Liberia : 17 malades en fuite après le saccage d'un centre anti-Ebola

17/08/2014 23:05

Au Liberia, un centre de traitement de l'Ebola a été saccagé par des hommes armés, provoquant la fuite de 17 malades, selon des témoins.

Un centre de traitement de l'Ebola a été saccagé au Liberia.

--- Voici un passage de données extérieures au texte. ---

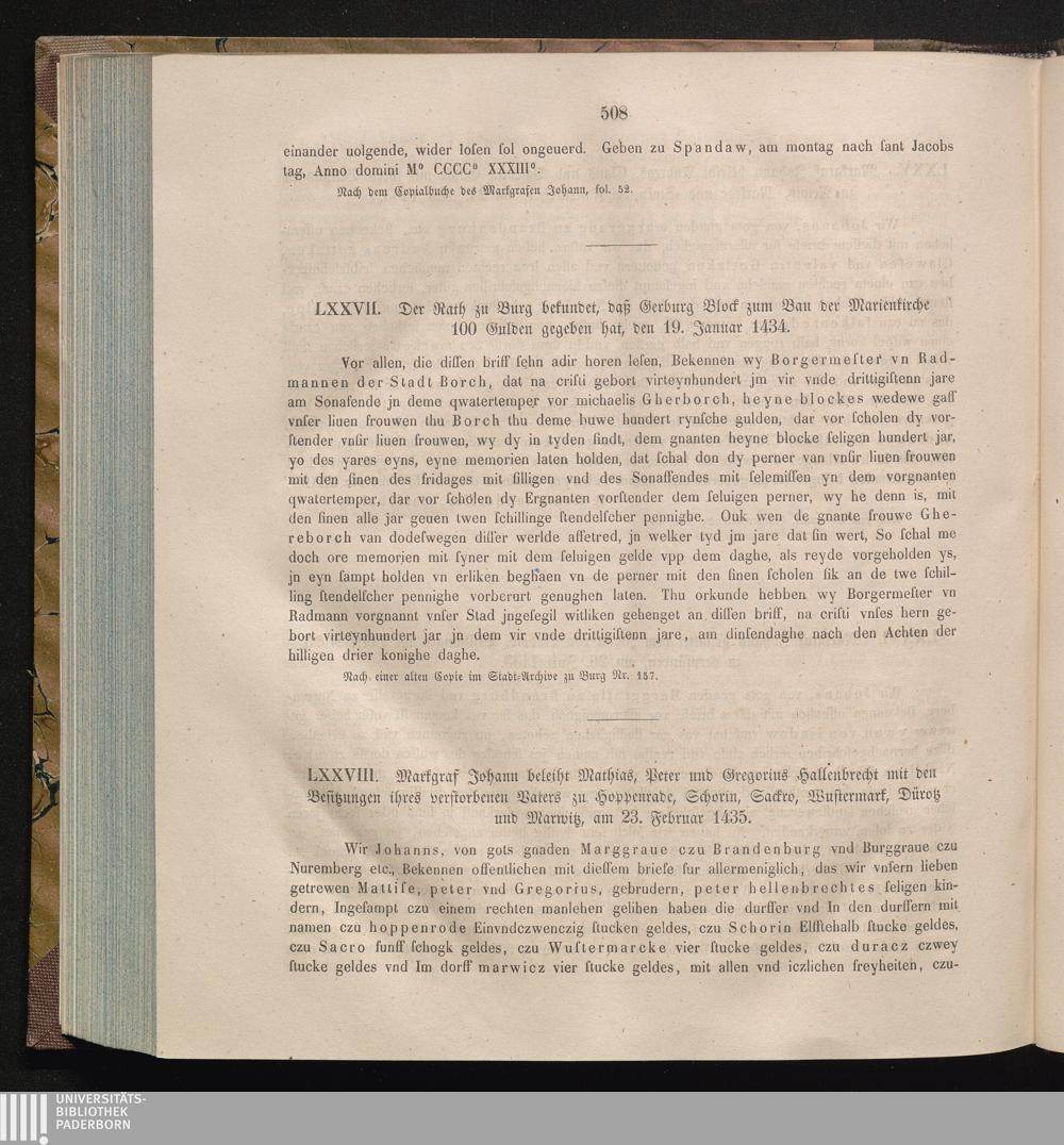 LXXVIII. Markgraf Johann beleiht Mathias, Peter und Gregorius Hallenbrecht mit den[...]
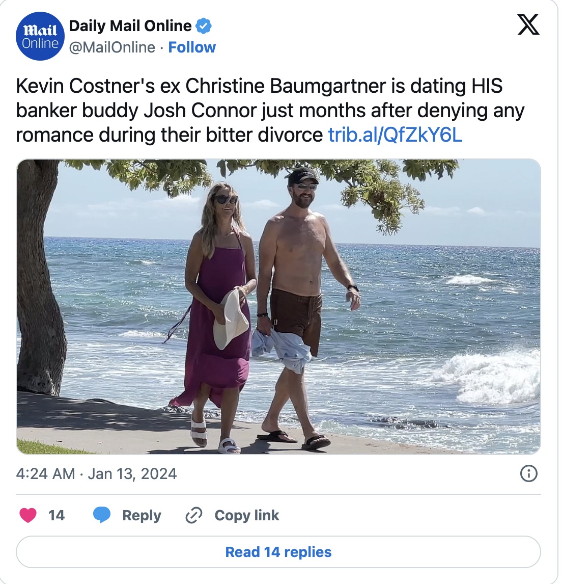 After the divorce finalization, Christina Baumgartner had started to her relationship with Josh Conner, who was the neighbor of Costner, and was divorced few months before Kevin and Christine got divorced.

Un centre de traitement de l'Ebola a été saccagé au Liberia. ©AFP /AFP

Des hommes armés ont attaqué un centre d'isolement pour malades du virus Ebola à Monrovia, la capitale du Liberia, provoquant la fuite de 17 patients, a-t-on appris dimanche de sources concordantes.

"Ils ont cassé les portes et ont pillé les lieux. Les malades ont tous fui", a affirmé Rebecca Wesseh, un témoin de l'incident survenu dans la nuit de samedi à dimanche.

Ses propos ont été confirmés par des habitants et le secrétaire général des travailleurs de la santé au Liberia, George Williams.

Selon M. Williams, 29 malades d'Ebola étaient admis dans le centre, où ils suivaient des traitements préliminaires avant leur évacuation dans un hôpital. Une incertitude demeurait toutefois sur le nombre de patients en fuite. "Ils étaient tous testés positifs à l'Ebola", a-t-il affirmé.

Des jeunes, armés de gourdins sont entrés de force dans le lycée

"Parmi ces 29 malades, 17 ont fui hier (lors de l'assaut). Neuf sont morts il y a quatre jours et trois autres ont été hier (samedi) emmenés de force par leurs parents" vers une destination inconnue, a-t-il précisé.

"Mon fils a été emmené ici (dans le centre) il y a quatre jours. Chaque jour, je viens le voir et on me dit qu'il va bien. Ce matin, la sécurité m'a dit que je ne pouvais entrer parce que le camp avait été attaqué", a raconté un vieil homme, Fallah Boima, à l'AFP.

"Je ne sais pas où il est et je suis désorienté. Il ne m'a pas appelé depuis qu'il a quitté le centre. Toutes les infirmières sont parties. Est-ce que je saurai où se trouve mon fils ?", a-t-il ajouté.

Des individus, pour la plupart des jeunes, armés de gourdins, se sont introduits de force dans le lycée de la banlieue de Monrovia qui abrite le centre anti-Ebola, a affirmé Rebecca Wesseh.

Selon elle, ils criaient des mots hostiles à la présidente libérienne Ellen Johnson Sirleaf et assuraient qu'"il n'y a pas d'Ebola" dans le pays.

Cet assaut a provoqué la fuite des malades et des infirmiers, a-t-elle ajouté.

Le lycée attaqué avait été récemment choisi par les autorités sanitaires pour isoler les personnes présentant des symptômes de la fièvre hémorragique Ebola.

Le quartier qui abrite le centre est considéré comme un des épicentres de l'épidémie dans la capitale.

Déjà 1 145 morts, selon l'OMS

En cinq mois, l'épidémie d'Ebola, la plus grave depuis l'apparition de cette fièvre hémorragique très contagieuse en 1976, a fait 1 145 morts, selon le dernier bilan de l'Organisation mondiale de la santé (OMS) : 413 au Liberia, 380 en Guinée, 348 en Sierra Leone et quatre au Nigeria.